Intel Soars as Return to Profitability Fuels Comeback Hopes
Published on: Oct 23, 2025

Intel Corp. (INTC) staged a powerful comeback in its latest quarterly report, snapping a prolonged streak of losses and issuing an optimistic forecast that sent its shares surging more than 7% in after-hours trading. The chipmaker’s stock has now rallied over 85% year-to-date, dramatically reversing its former position as a laggard to become one of the top performers in the Philadelphia Semiconductor Index.

The third quarter, ended September 27, marked a significant turning point. Intel reported revenue of $13.7 billion, a 3% year-over-year increase. Crucially, it delivered adjusted earnings of 23 cents per share, dramatically outpacing Wall Street’s estimate of one cent. The company posted a net income of $4.1 billion, a stark reversal from a staggering $16.6 billion loss in the same period last year, ending its longest continuous loss streak in 35 years.

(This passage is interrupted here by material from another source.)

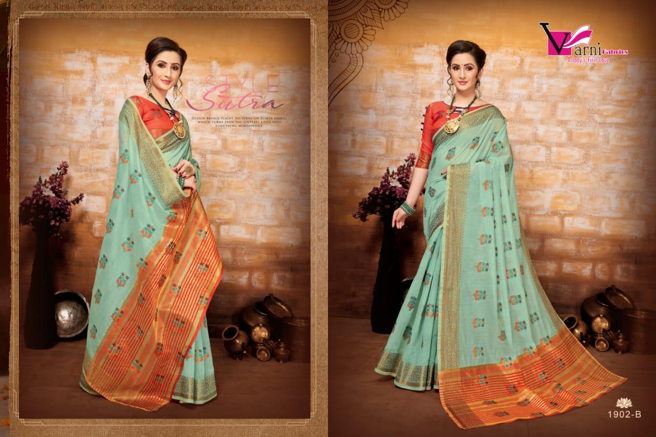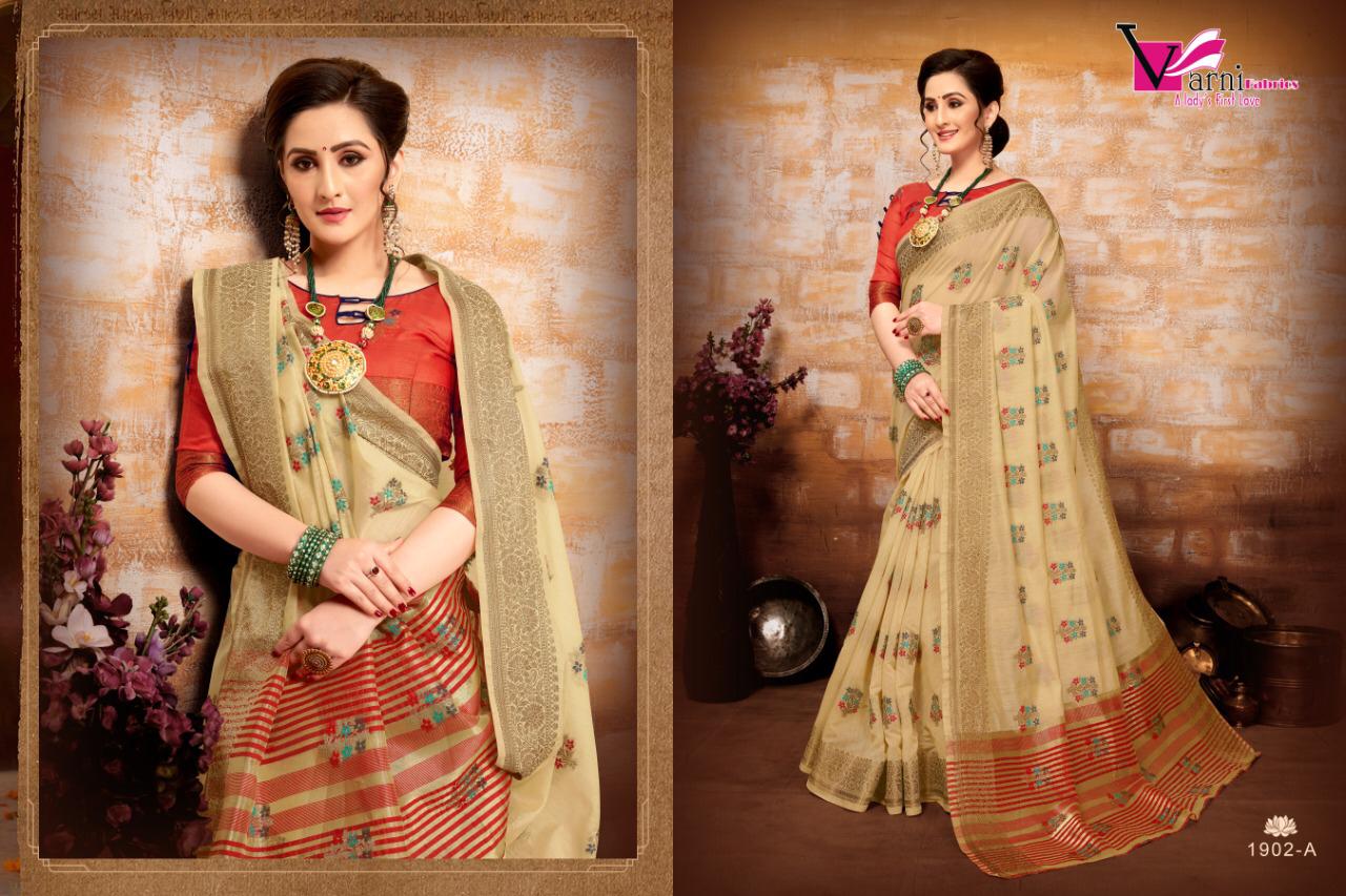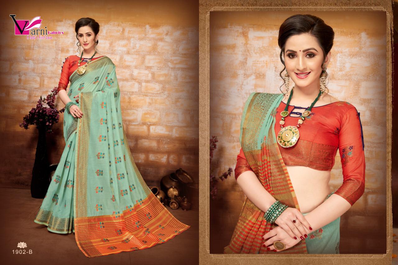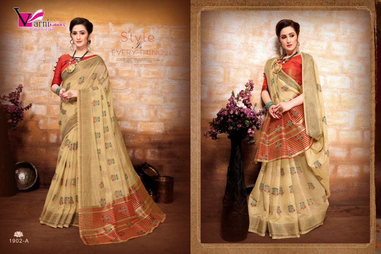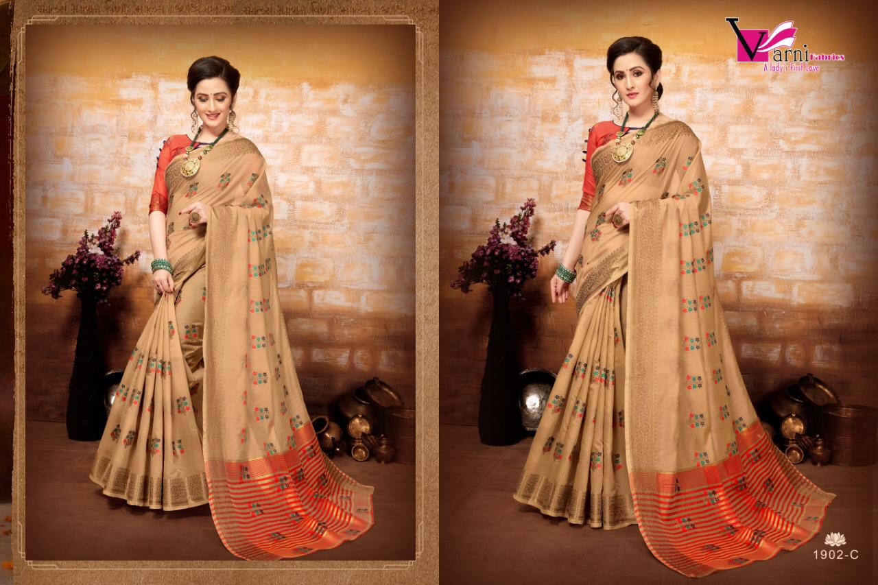 *New catalogue by Varni Fabrics* *Catalog Name : Nayantara silk Nx* *D. NO 1902 ORIGINAL + A / B / C* *D. NO 1903 ORIGINAL + A / B Colors* *Fabric : - Mina Art Silk* *7-Pic catalogue* *No Catalog Book, per pcs photo only* *? 650/-* *GST 5 Percent Extra* *SET OF 7 PCS* *Singles & Multiple pcs* *ALL DESIGNS Delivery From Today * |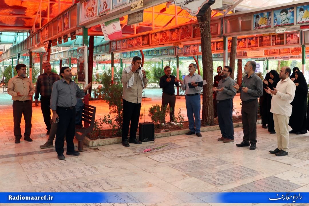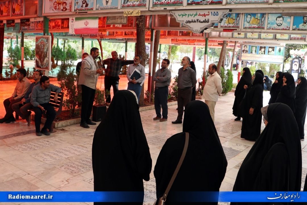 گزارش تصویری از زیارت قبور شهداء و روایتگری رزمنده اسلام جناب آقای فراهانی به مناسبت هفته دفاع مقدس _ گلزار شهداء قم

Chief Financial Officer David Zinsner attributed the resilience to underlying strength in core markets, noting that current demand is outstripping supply—a trend he expects to persist into 2026. The Client Computing Group, buoyed by a corporate PC refresh cycle linked to Windows updates, generated $8.5 billion in revenue, surpassing market expectations of $8.2 billion.

While the recent separation of its Altera programmable chip unit is projected to reduce fourth-quarter revenue by $4 billion to $5 billion, Intel’s underlying guidance remains strong. Excluding this impact, the company’s Q4 revenue forecast of approximately $13.3 billion still topped analyst estimates.

Despite the broad recovery, significant challenges persist. Intel remains a distinct underdog in the artificial intelligence race. Revenue from its Data Center and AI unit fell 1% to $4.1 billion. Its foundry business, while narrowing its operating loss to $2.3 billion from $5.8 billion a year ago, remains almost entirely reliant on internal orders, making external customer acquisition critical for its path to profitability.

“Building a great company is a journey, and we are moving at speed to improve our execution across the business,” said CEO Lip-Bu Tan on the earnings call. Since taking the helm in March, Tan has maintained his predecessor’s strategic direction while enforcing stricter financial discipline, including pausing expansion into projects with uncertain returns. This fiscal prudence, however, raises concerns about technological competitiveness; a planned $28 billion chip factory in Ohio has been delayed until after 2030.

Strategic infusions have bolstered market confidence this year. Intel has secured approximately $15 billion in new capital, including $9 billion from the U.S. government, a $5 billion strategic investment from Nvidia, and $2 billion from SoftBank. The U.S. government’s grant, structured with an uncommon warrant provision, is seen by analysts as a potent signal that Washington will not let the national chip champion fail.

Acknowledging Nvidia’s dominance in AI training chips, CFO Zinsner suggested a potential opportunity lies in the AI inference market. As more models complete training, demand for lower-cost, lower-power CPUs for inference could rebound, potentially benefiting Intel’s data center business.

Analysts suggest that for Intel to truly reclaim its industry leadership, it must achieve a technological breakthrough in AI chips and successfully attract major external clients to its fledgling foundry operations. Propelled by a cyclical PC market recovery and a strong vote of strategic confidence, the iconic chipmaker is firmly on a rebuilding track, yet the road ahead remains fraught with competition and execution risks.